I have little respect for the highly touted theory of randomness engendering our world's present place in Evolution. Throughout the macrocosmos I see order everywhere due to universal laws of gravity, motion and inertia. Within the microcosmos I see symmetry, geometry and even the chaos of an electron cloud is constrained. Everywhere laws of nature are intact. Life didn't just happen because a bunch of random particles got together by accident and interacted to form life. Life happened because the nuclear processes of a dying star created (as most of the billions of stars do eventually) and spewed out the elements that were needed to compose life. As those particles were drawn together by gravity and inertial waves that ripple through most galaxies, they formed our solar system, (with recent evidence showing solar systems are probably not uncommon in at least our neck of the galaxy). The sun and planets were formed according to laws of physics with our sun radiating huge quantities of energy needed for current life to survive. Again, our earth formed following laws of physics with the heavier elements like iron sinking toward the core and the lighter elements like carbon, hydrogen and oxygen floating to the surface or above it. Then these elements each with their own particular chemistry bonded, according to the laws of ionic or covalent bonding to form molecules which in turn followed laws of chemistry to form mega-molecules and proteins and eventually, over billions of years, as more complicated molecules allowed for more complex chemistries, life. There is little disorganization or randomness here. What little randomness there is quickly comes within the organizing confines of chaos theory.

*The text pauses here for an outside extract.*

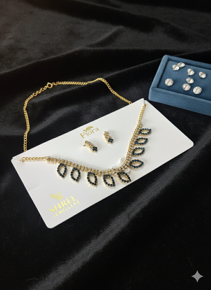 Elevate your jewelry collection with this stunning gold-plated necklace and earring ensemble. Designed with a focus on delicate craftsmanship and bold contrast, this set is a versatile masterpiece for weddings, parties, or festive celebrations.
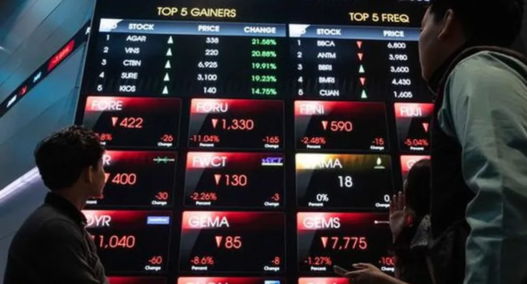 JAKARTA, ASATUNEWS.BIZ.ID — Pada Kamis sore, Indeks Harga Saham Gabungan (IHSG) di Bursa Efek Indonesia (BEI) menunjukkan tren penurunan, dipicu oleh kegelisahan pelaku pasar terkait kebijakan tarif yang dikeluarkan Amerika Serikat (AS).

So, is there a God? If so, how do you define God? Neither
Ferguson nor Heeren came close to answering those questions but I
believe they are on the right track in declaring our current
knowledge of the universe as being totally inadequate to even
guess the answers.
Pat Stonehouse, Wolverine, MI
The second response to this subject (as well as a few others in this series) was a long-time coming. It came from a reader in Brazil who writes:
Certainly science cannot prove the divine phenomenon experimentally. The present supremacy of modern experimental science leads one to reject the idea of doing so in any kind of laboratory. The perception of the divine phenomenon is always introspective and subjective, and cannot be reproduced and controlled through the methods adopted in experimental science.
However, it would be bad science to deny a phenomenon --the divine-- that has been registered from the first day of human consciousness to the present era everywhere, merely because it is not compatible with the methods of experimental science. Its occurrence is localized inside man's mind in the same way of other sensations accepted as parts of the real world. The universal reality of its introspective character would be sufficient proof if we consider that in many areas of human science the same universality has been accepted as a principle of objectivity: statistical data expressing a very large universality of subjectivities creates an objectivity valid from the scientific point of view. It is scientifically correct to declare that the many thousands of subjectivities prove an objective phenomenon.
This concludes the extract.